David and Lucile Packard Foundation. È stato Direttore fondatore del Roberts Enterprise Development Fund, San Francisco, CA. Le sue ricerche, tese a sviluppare la riflessione e l’elaborazione della casistica inerente la massimizzazione dei “blended values” nelle imprese profit e non profit, sono state presentate in prestigiose istituzioni internazionali come il World Economic Forum e la London Business School. Le sue numerose pubblicazioni – su temi correlati al “Social Return on Investment”, alla “venture philanthropy” ed alla “social enterprenurship” – sono accessibili anche su internet al sito www.blendedvalue.org. Giuliana Gemelli insegna Storia delle istituzioni culturali e scientifiche all’Università degli studi di Bologna. È direttore del Master in International Studies in Philanthropy-MISP. Ha pubblicato diversi lavori sulla storia delle fondazioni negli Stati Uniti e in Europa, fra cui: American foundations and large-scale research: construction and tranfer of knowledge, CLUEB, Bologna, 2001; G. Gemelli-R. MacLeod (a cura di), American Foundations in Europe. Grant Giving Policies, Cultural Diplomacy and Transatlantic Relations, 1920-1980, Peter Lang, Bussels, 2003; G. Gemelli-R. MacLeod (a cura di), American Foundations in Europe. The Role of the program Officers in Historical Perspective, special issue of “Minerva”, vol.XLI, 2003, n. 2. È membro dell’International Society for the Third Sector e del Comitato direttivo della Fondazione Adriano Olivetti. Claudia Rametta ha conseguito la laurea in Storia moderna presso l’Università degli studi di Bologna nell’a.a. 2001-02 e ottenuto il Diploma del Master in International Studies in PhilanthropyMISP nell’a.a. 2003 (Università degli studi di Bologna). Il contributo presentato in questa sede, costituisce uno dei capitoli della sua Tesi di Master.

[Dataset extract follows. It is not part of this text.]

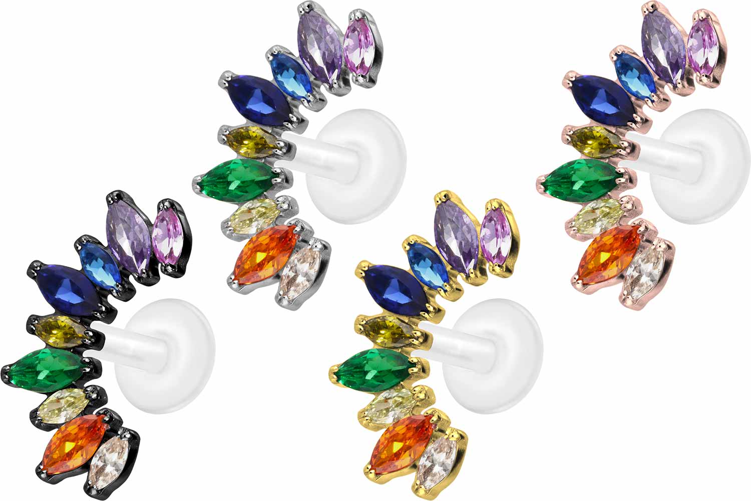 PTFE labret with internal thread + titanium attachment MULTICOLORED CRYSTAL ARCH
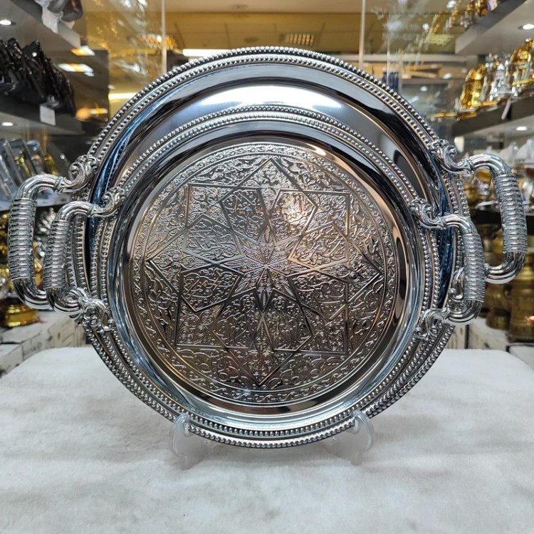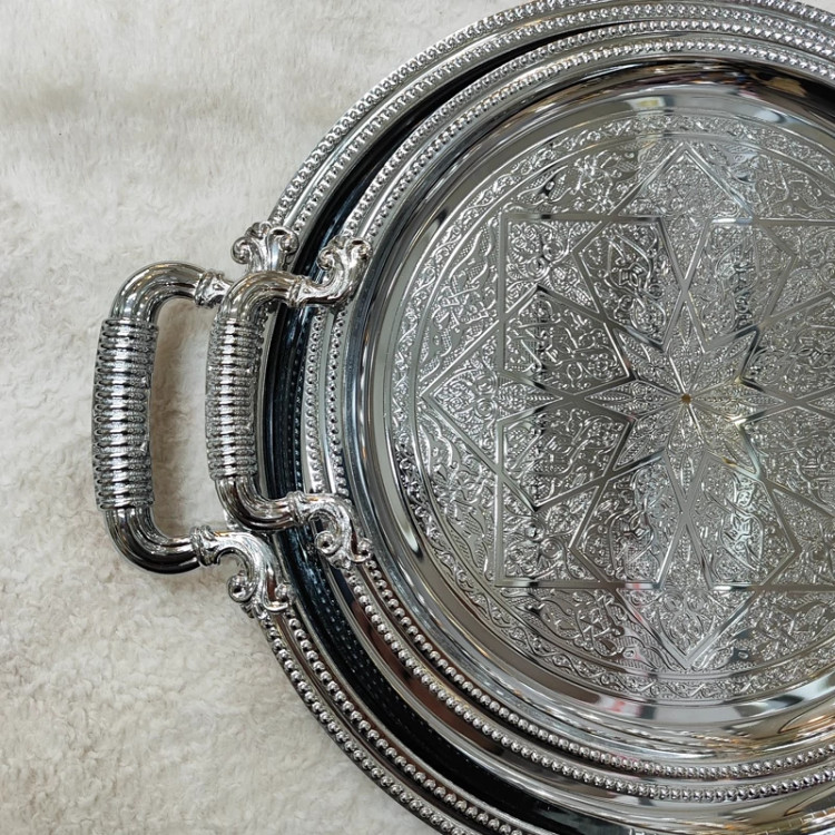 جنس فلزی ضخیم دو عددی و دو سایز بزرگو کوچک مدل گرد سیلور سایز بزرگ با قطر(35) سایز کوچک با قطر(29) دسته از جنس زاماک (آلیاژ روی و آلومینیوم) دارای جعبه ی کادویی برند وینکس کفه ی سینی ها طرح دار زیبا

Dal 1981 al 1996 ha maturato esperienze professionali nel settore del marketing internazionale, con attività prevalentemente svolta in Giappone e nella ex Unione Sovietica. Girolamo Ramunni, è professore di storia della scienza e della tecnica, all’Università di Lyon 2, e redattore capo de “La Revue pour l’histoire du CNRS”. Dirige il programma nazionale del ministero del290


la Ricerca Cultures e techniques dans le developpement durable. È consigliere scientifico del Musée du Temps (Besançon), del Musée des Confluences (Lyon) e del Museo nazionale della Tecnica del Conservatoire National des Arts et Metiers. Ha pubblicato molti studi sulla storia della politica scientifica, dell’informatica e dei cambiamenti nell’organizzazione industriale in relazione a temi ambientali. Ha pubblicato in italiano con V. Gallotta-G. Gemelli, Isole senza arcipelago. Imprenditori scientifici, reti e istituzioni tra Otto e Novecento, Palomar, Bari, 2003. Flaminio Squazzoni insegna Sociologia dell’organizzazione e ICT e nuove forme di organizzazione all’Università di Brescia. Laureato in storia all’Università di Milano nel 1998, dottore di ricerca in Sociologia economica presso il Dipartimento di Studi sociali dell’Università di Brescia nel 2001, ha insegnato Sociologia dei processi economici e del lavoro all’Università di Bergamo nel 2002 e 2003. Membro del Comitato scientifico del Network of Engineering and Human Sciences ha curato, con Giuliana Gemelli, NEHS/Nessi. Istituzioni, mappe cognitive e culture del progetto tra ingegneria e scienze umane (Baskerville, Bologna, 2003), e pubblicato diversi saggi su modelli socio-economici di simulazione ad agenti, organizzazioni complesse e distretti industriali. Giorgio Vicini, economista, si è laureato all’Università degli studi di Torino con il prof. Domenico Siniscalco e si occupa, da oltre dieci anni, di energia e economia dell’ambiente in Europa e in Italia con particolare riferimento al settore “oil & gas”. Consulente in materia di sostenibilità ed etica economica, con particolare riguardo alla governance degli aspetti ambientali nelle imprese ed alla specializzazione nel settore energetico, lavora, dal 1994, alla Fondazione Eni Enrico Mattei.